8. Authentication issues

The other challenge pertains to making sure that messages sent to the clients (or intended recipients) reach them and not some other persons. Putting this in another way, the receiver must ensure that the identified sender is really the one sending the message and that no intermediary sender is involved in the process. The problem with the Internet is that face-to-face service delivery is usually not required.

9. Choosing the domain name

One of the earliest tasks to companies going online is to choose the domain name for the website. For companies with an existing business, the task should not be too difficult for it has the company name to start with. For new businesses, the task can be a challenging one. The challenge is to see that the domain name has not been used elsewhere and resembles a popular name or brand. There have been legal proceedings against companies using domain names or popular brands or have registered misspelling of a popular name.

10. High fixed costs

It is often perceived that the costs of setting up a website is not significant. This is incorrect. Toys’ R Us for example spent US80 million to set up its website. What perhaps is true is that the marginal cost of production online (defined as the change in the total cost of production divided by the change in the number of customers) is relatively low. For example, additional costs imposed on companies providing music, movies and news articles online to an additional consumer is generally insignificant relative to the fixed cost of production. This explains why it is important for online companies to encourage more people to visit their websites and make a purchase even to the extent that the prices of the products offered online are usually lower than that of an offline purchase. This is to allow the companies to reap economies of scale. Properly accounting for the costs and recognising their differences is a managerial challenge. Proper analysis of the business (as part of the business plan) is perhaps inevitable in this respect.


           Undoubtedly, the use of the Internet in business is increasingly common. Improved accuracy, possibility of providing customised services and lower costs allow such companies to enjoy increments in productivity measured in sales per visits. One reason for the higher sales is that the Internet allows companies to sell to a larger market than before. Despite this, as noted in this article, Internet managers must deal with the ten challenges adequately.

However, it must be said that tackling the ten challenges cannot guarantee success in the online business. The challenges are merely potential problems than online managers have to be aware off. To be successful online, as AT Kearney’s (2000) model suggests and applied in Jones et al (2001)[1], companies need to consider and apply the eight Cs adequately, namely content, convenience, customer care, community, communication, connectivity, customisation and concern for consumers.
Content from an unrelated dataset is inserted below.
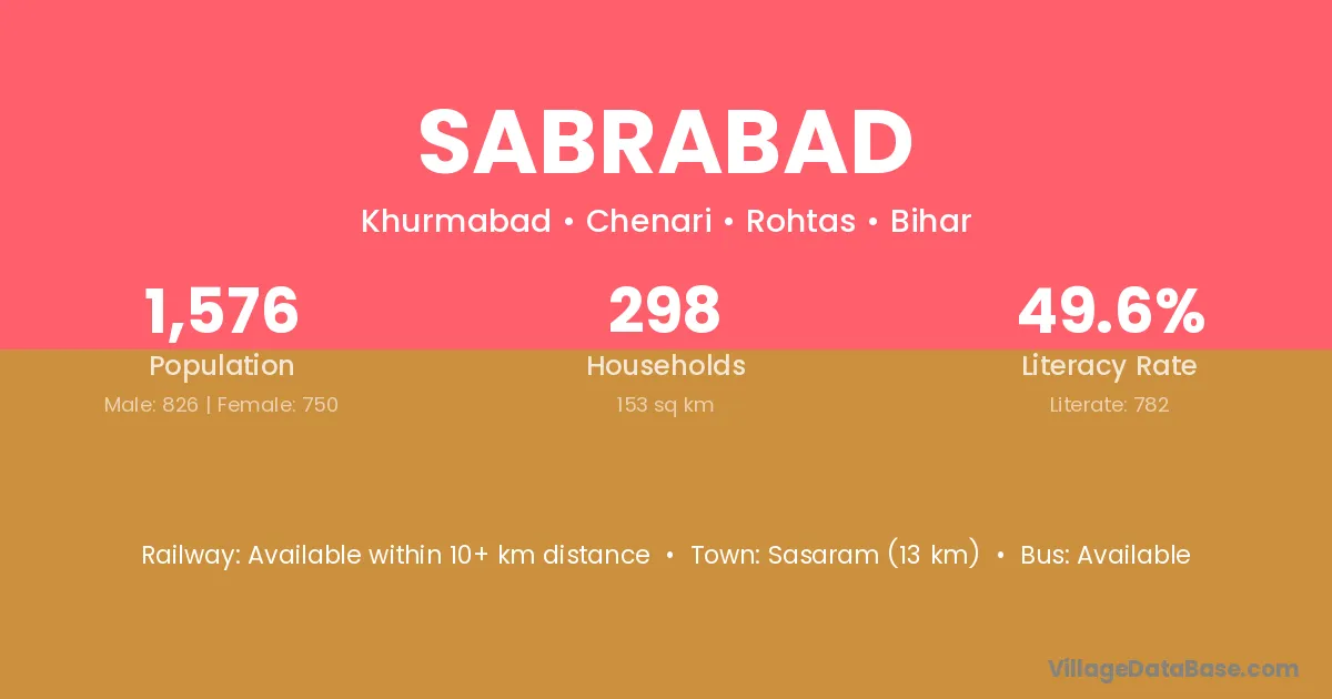 Sasaram (13 km) is the nearest town to Sabrabad village for major economic activities and is located approximately 13 km away.

[1] Kearney, AT, 2000, E-Business performance, White Paper, AT Kearney, Chicago.

Jones, P., Clarke-Hill, C., Shears, P. and Hillier, D., 2001, The Eight Cs of ‘Retailing’: Customer Concern, Management Review News, Vol. 24, No. 5, pp. 11-16.

[1] Kearney, AT, 2000, E-Business performance, White Paper, AT Kearney, Chicago.

Jones, P., Clarke-Hill, C., Shears, P. and Hillier, D., 2001, The Eight Cs of ‘Retailing’: Customer Concern, Management Review News, Vol. 24, No. 5, pp. 11-16.